### What is expected
From the entries below, write out exactly the lines between the line holding "Bấm vào nút" and the line holding "Solo un cable", inclusive, excluding any pictures.

···

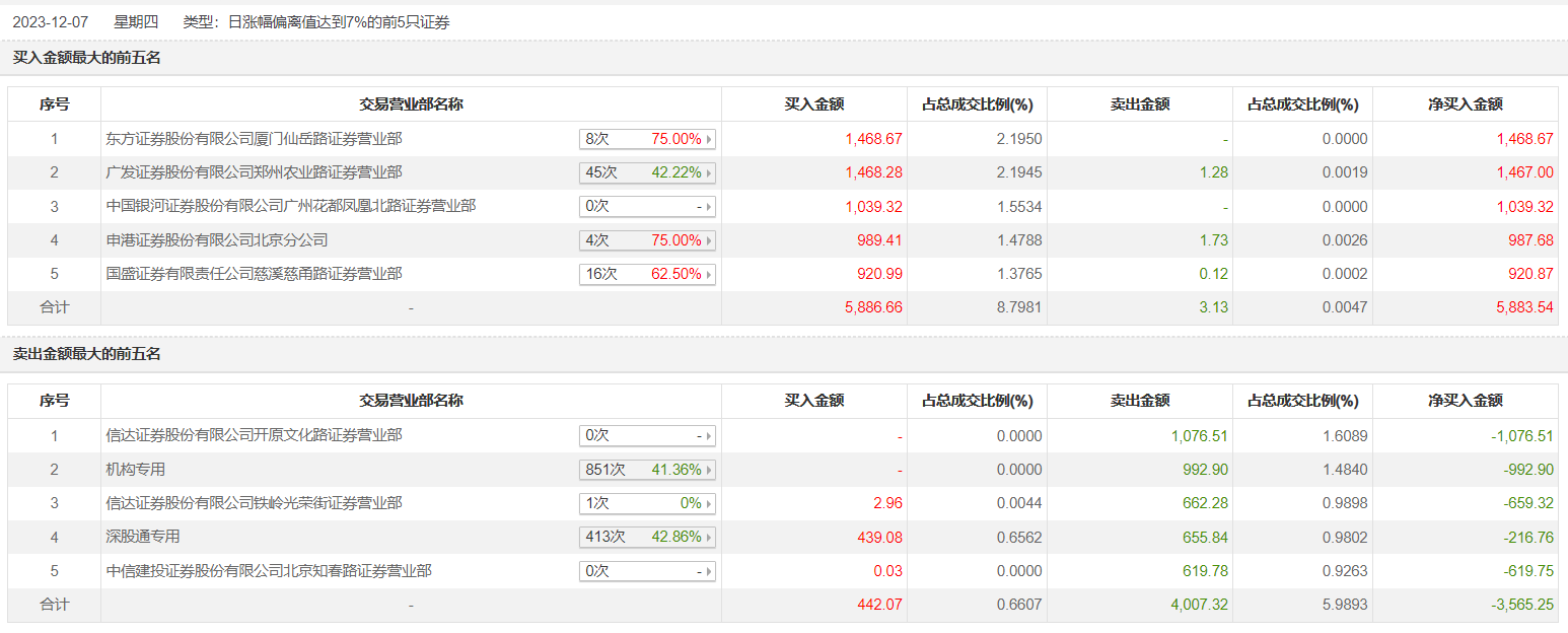 中化岩土(维权)12月7日涨停,全天换手率达14.52%,振幅达10.9%。龙虎榜数据显示,营业部席位合计净买入2318.29万元。其中,机构合计净卖出992.9万元。此外,东方证券厦门仙岳路证券营业部、广发证券郑州农业路证券营业部分别买入1468.67万元、1468.28万元;信达证券开原文化路证券营业部、信达证券铁岭光荣街证券营业部分别卖出1076.51万元、662.28万元。
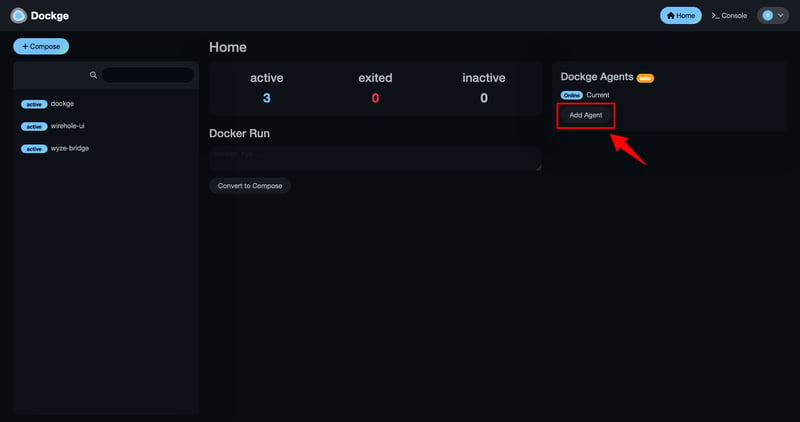Bấm vào nút Add Agent để kết nối tới máy chủ khác đã được cài Dockge.
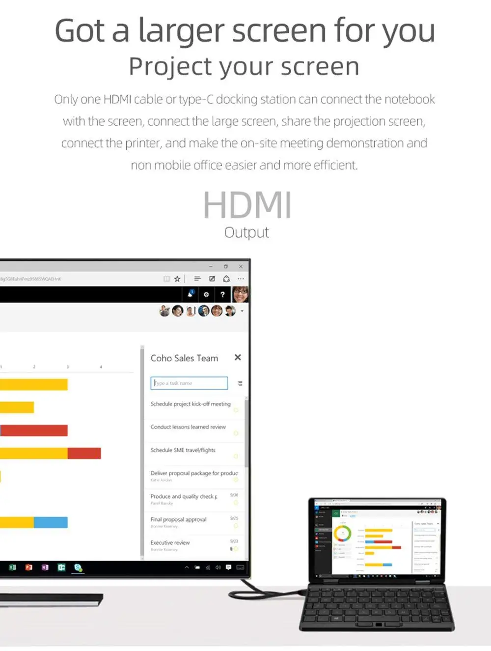 Solo un cable HDMI o una estación de doucking tipo C pueden conectar el ordenador portátil a la pantalla, conectar la pantalla grande, compartir la pantalla de proyección, conectar la impresora, Y hacer la demostración de la reunión en el lugar y la Oficina no móvil más fácil y más eficiente.
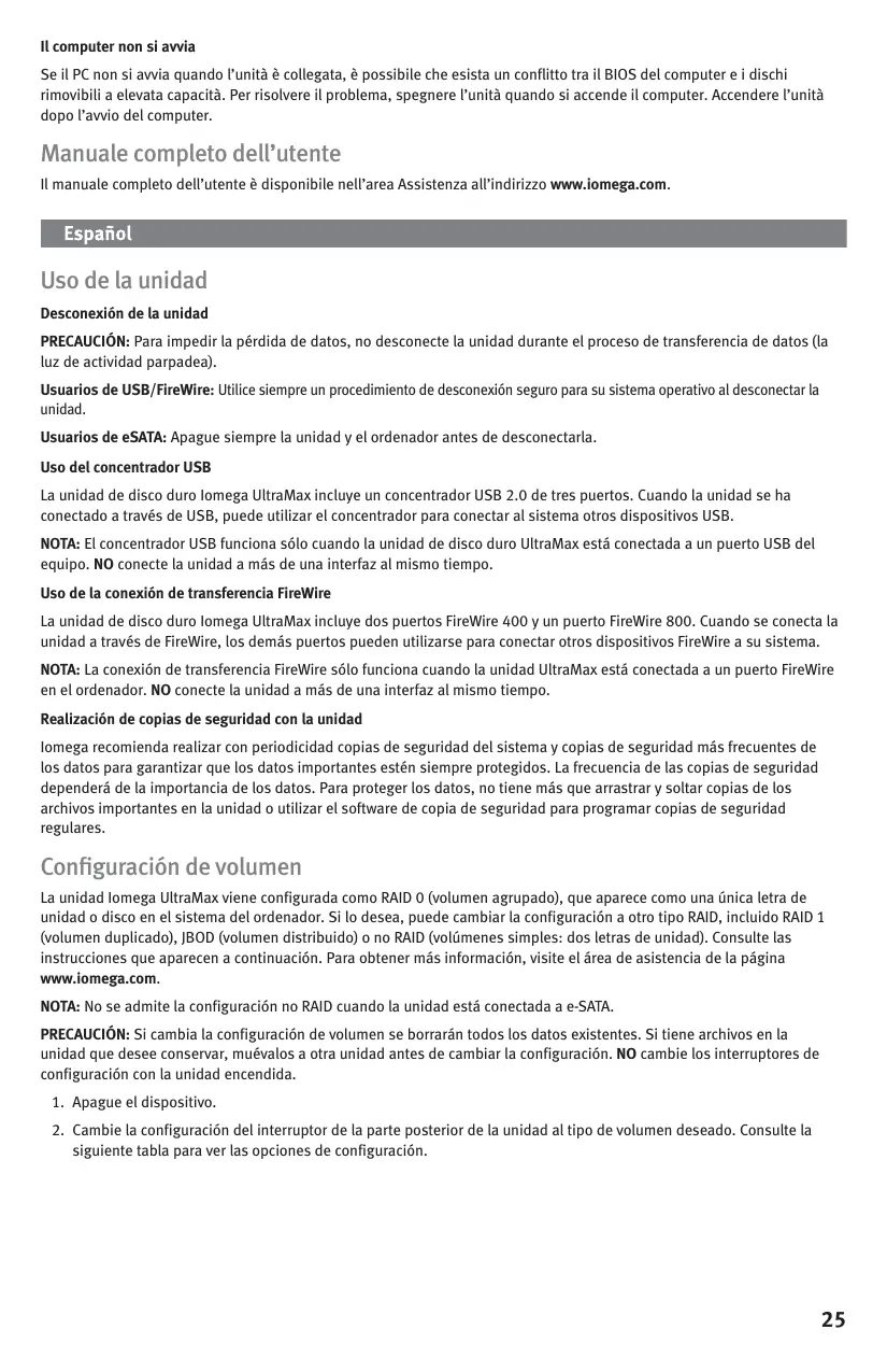 de la unidad y reinicie el equipo. Usuarios de Mac: La unidad debe estar montada y aparecer en el Escritorio de Mac. Usuarios de PC: El ordenador no reconocerá la unidad hasta que la vuelva a formatear. Consulte las instrucciones que aparecen a la izquierda sobre Formateo de la unidad para Windows. USB FireWire/1394/i.Link eSATA SATA Uso de la unidad Desconexión de la unidad PRECAUCIÓN: Para impedir la pérdida de datos, no desconecte la unidad durante el proceso de transferencia de datos (la luz de actividad parpadea). Usuarios de USB/FireWire: Utilice siempre un procedimiento de desconexión seguro para su sistema operativo al desconectar la unidad. Usuarios de eSATA: Apague siempre la unidad y el ordenador antes de desconectarla. Uso del concentrador USB La unidad de disco duro Iomega UltraMax incluye un concentrador USB 2.0 de tres puertos. Cuando la unidad se ha conectado a través de USB, puede utilizar el concentrador para conectar al sistema otros dispositivos USB. NOTA: El concentrador USB funciona sólo cuando la unidad de disco duro UltraMax está conectada a un puerto USB del equipo. NO conecte la unidad a más de una interfaz al mismo tiempo. Uso de la conexión de transferencia FireWire La unidad de disco duro Iomega UltraMax incluye dos puertos FireWire 400 y un puerto FireWire 800. Cuando se conecta la unidad a través de FireWire, los demás puertos pueden utilizarse para conectar otros dispositivos FireWire a su sistema. NOTA: La conexión de transferencia FireWire sólo funciona cuando la unidad UltraMax está conectada a un puerto FireWire en el ordenador. NO conecte la unidad a más de una interfaz al mismo tiempo. Realización de copias de seguridad con la unidad Iomega recomienda realizar con periodicidad copias de seguridad del sistema y copias de seguridad más frecuentes de los datos para garantizar que los datos importantes estén siempre protegidos. La frecuencia de las copias de seguridad dependerá de la importancia de los datos. Para proteger los datos, no tiene más que arrastrar y soltar copias de los archivos importantes en la unidad o utilizar el software de copia de seguridad para programar copias de seguridad regulares. Configuración de volumen La unidad Iomega UltraMax viene configurada como RAID 0 (volumen agrupado), que aparece como una única letra de unidad o disco en el sistema del ordenador. Si lo desea, puede cambiar la configuración a otro tipo RAID, incluido RAID 1 (volumen duplicado), JBOD (volumen distribuido) o no RAID (volúmenes simples: dos letras de unidad). Consulte las instrucciones que aparecen a continuación. Para obtener más información, visite el área de asistencia de la página www.iomega.com. NOTA: No se admite la configuración no RAID cuando la unidad está conectada a e-SATA. PRECAUCIÓN: Si cambia la configuración de volumen se borrarán todos los datos existentes. Si tiene archivos en la unidad que desee conservar, muévalos a otra unidad antes de cambiar la configuración. NO cambie los interruptores de configuración con la unidad encendida.
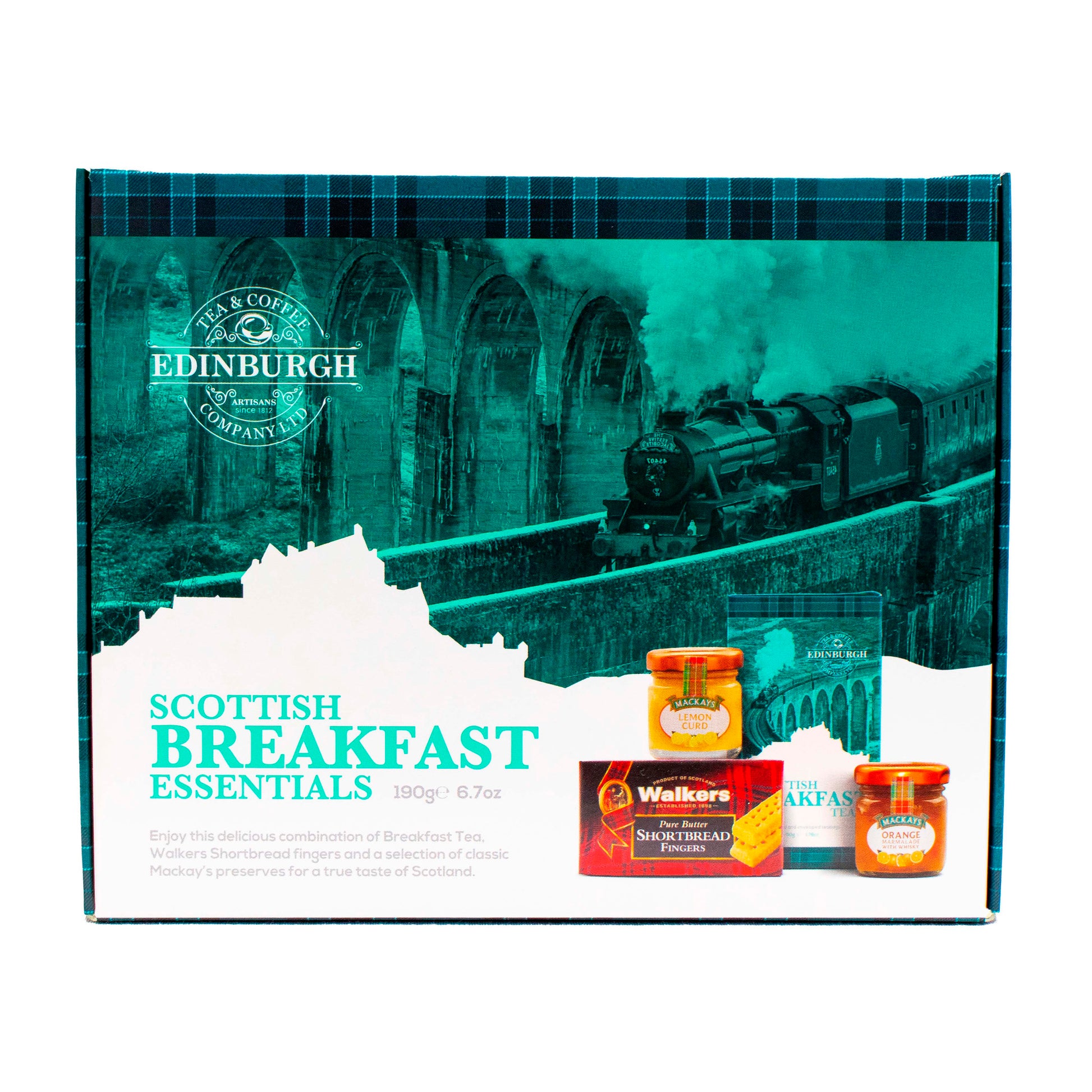 Enjoy this delicious combination of Breakfast Tea, Walkers Shortbread Fingers and a selection of Mackay’s preserves for a true taste of Scotland.

···

### Solution to the exercise
Bấm vào nút Add Agent để kết nối tới máy chủ khác đã được cài Dockge.
 Solo un cable HDMI o una estación de doucking tipo C pueden conectar el ordenador portátil a la pantalla, conectar la pantalla grande, compartir la pantalla de proyección, conectar la impresora, Y hacer la demostración de la reunión en el lugar y la Oficina no móvil más fácil y más eficiente.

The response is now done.